### Task instructions
Take the data below and extract the lines from the one with "武汉智远科技发展有限公司,湖" to the one with "Durable Angebotshefter Duraplus", inclusive, exactly as written.

### Input records
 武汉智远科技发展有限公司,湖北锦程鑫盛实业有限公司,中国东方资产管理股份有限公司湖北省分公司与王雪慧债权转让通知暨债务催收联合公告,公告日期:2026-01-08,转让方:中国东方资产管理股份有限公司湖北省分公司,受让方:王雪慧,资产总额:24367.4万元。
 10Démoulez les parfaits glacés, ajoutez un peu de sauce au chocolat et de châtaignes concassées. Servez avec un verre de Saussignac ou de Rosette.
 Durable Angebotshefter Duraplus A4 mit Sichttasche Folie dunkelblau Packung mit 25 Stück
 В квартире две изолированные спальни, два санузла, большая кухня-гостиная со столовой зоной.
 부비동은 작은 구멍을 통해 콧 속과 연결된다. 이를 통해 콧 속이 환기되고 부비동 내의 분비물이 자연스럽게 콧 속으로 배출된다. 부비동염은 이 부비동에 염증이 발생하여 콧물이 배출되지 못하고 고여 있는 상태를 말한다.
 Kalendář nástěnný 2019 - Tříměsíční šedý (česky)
==
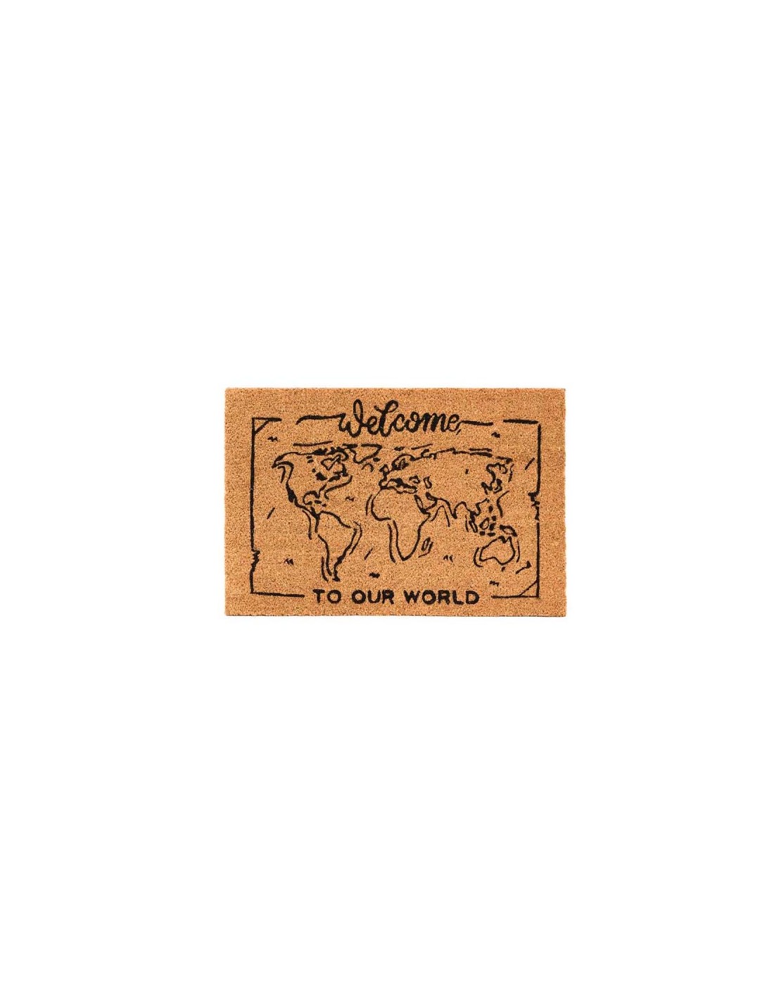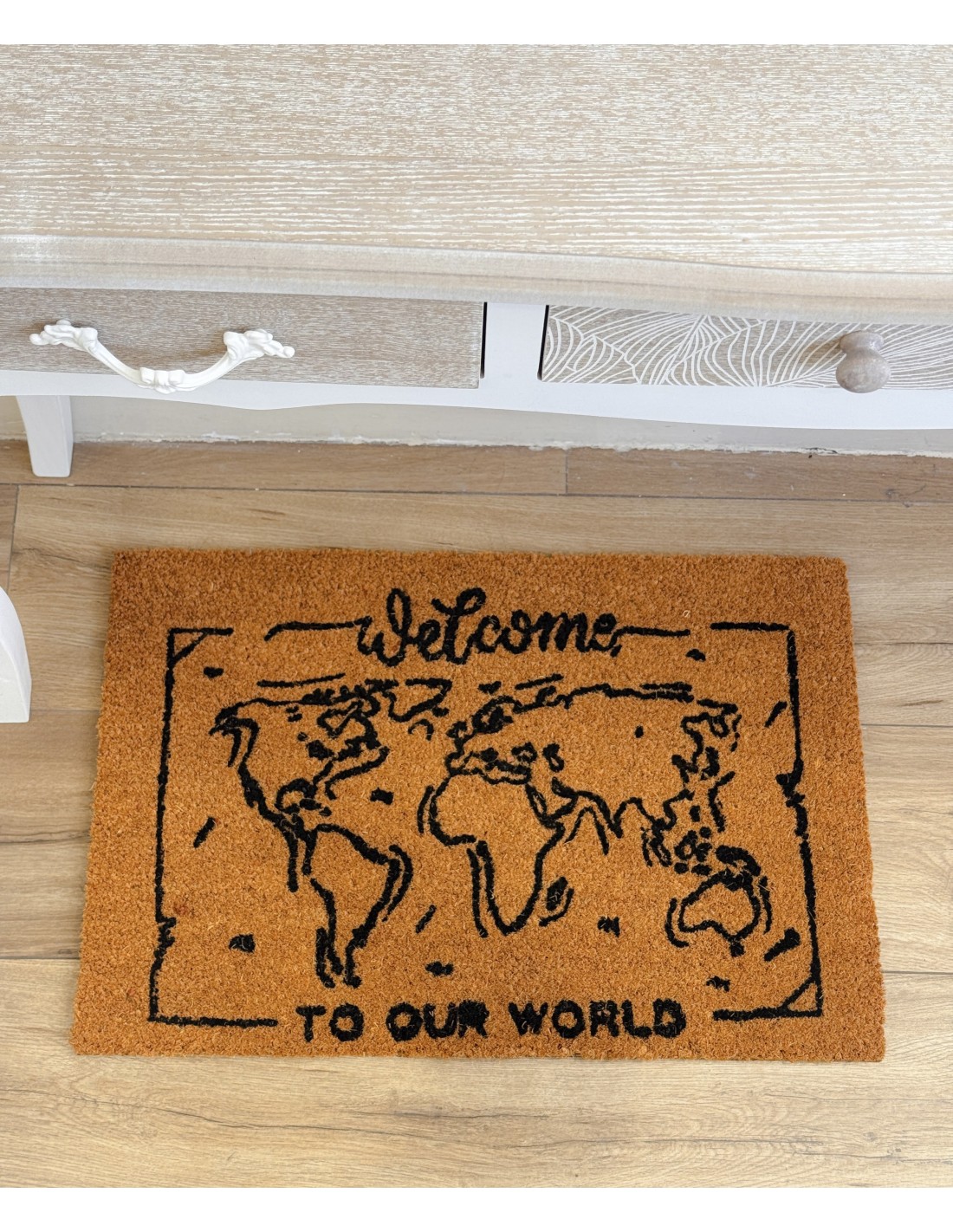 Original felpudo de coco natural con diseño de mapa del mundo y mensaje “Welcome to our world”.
==
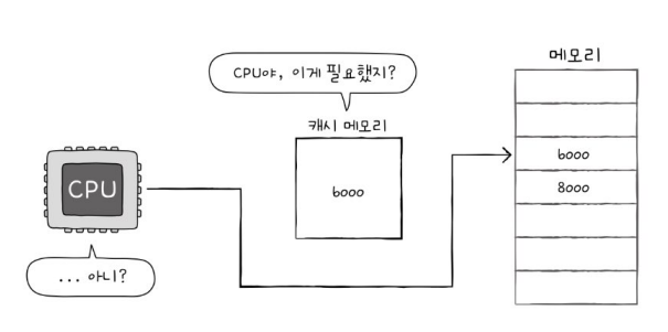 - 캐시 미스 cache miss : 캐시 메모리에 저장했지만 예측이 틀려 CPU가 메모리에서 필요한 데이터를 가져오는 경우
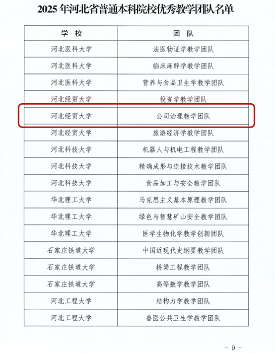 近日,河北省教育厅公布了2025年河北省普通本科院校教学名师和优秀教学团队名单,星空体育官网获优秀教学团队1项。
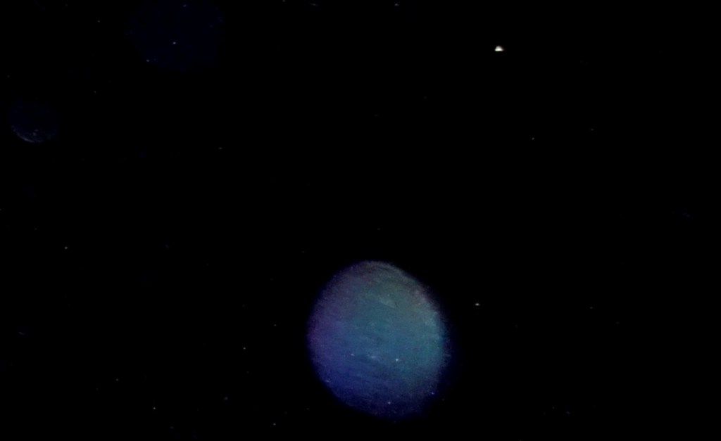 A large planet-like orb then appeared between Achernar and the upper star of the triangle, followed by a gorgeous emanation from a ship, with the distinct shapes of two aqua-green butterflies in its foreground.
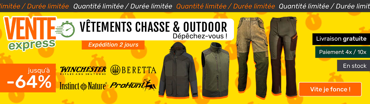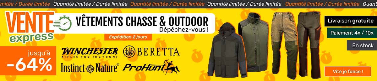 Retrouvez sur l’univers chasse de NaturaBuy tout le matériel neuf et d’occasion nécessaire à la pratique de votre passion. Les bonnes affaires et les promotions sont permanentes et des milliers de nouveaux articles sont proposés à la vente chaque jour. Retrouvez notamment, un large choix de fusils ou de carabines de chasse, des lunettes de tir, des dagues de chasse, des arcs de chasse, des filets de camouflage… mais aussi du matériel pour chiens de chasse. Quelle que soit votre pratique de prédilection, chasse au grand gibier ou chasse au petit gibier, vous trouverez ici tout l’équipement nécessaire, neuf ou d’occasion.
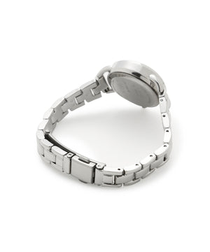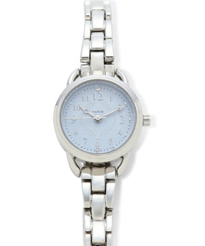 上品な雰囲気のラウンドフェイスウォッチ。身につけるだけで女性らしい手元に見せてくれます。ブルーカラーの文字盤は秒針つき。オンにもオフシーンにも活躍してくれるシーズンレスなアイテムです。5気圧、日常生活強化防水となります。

### The answer
 武汉智远科技发展有限公司,湖北锦程鑫盛实业有限公司,中国东方资产管理股份有限公司湖北省分公司与王雪慧债权转让通知暨债务催收联合公告,公告日期:2026-01-08,转让方:中国东方资产管理股份有限公司湖北省分公司,受让方:王雪慧,资产总额:24367.4万元。
 10Démoulez les parfaits glacés, ajoutez un peu de sauce au chocolat et de châtaignes concassées. Servez avec un verre de Saussignac ou de Rosette.
 Durable Angebotshefter Duraplus A4 mit Sichttasche Folie dunkelblau Packung mit 25 Stück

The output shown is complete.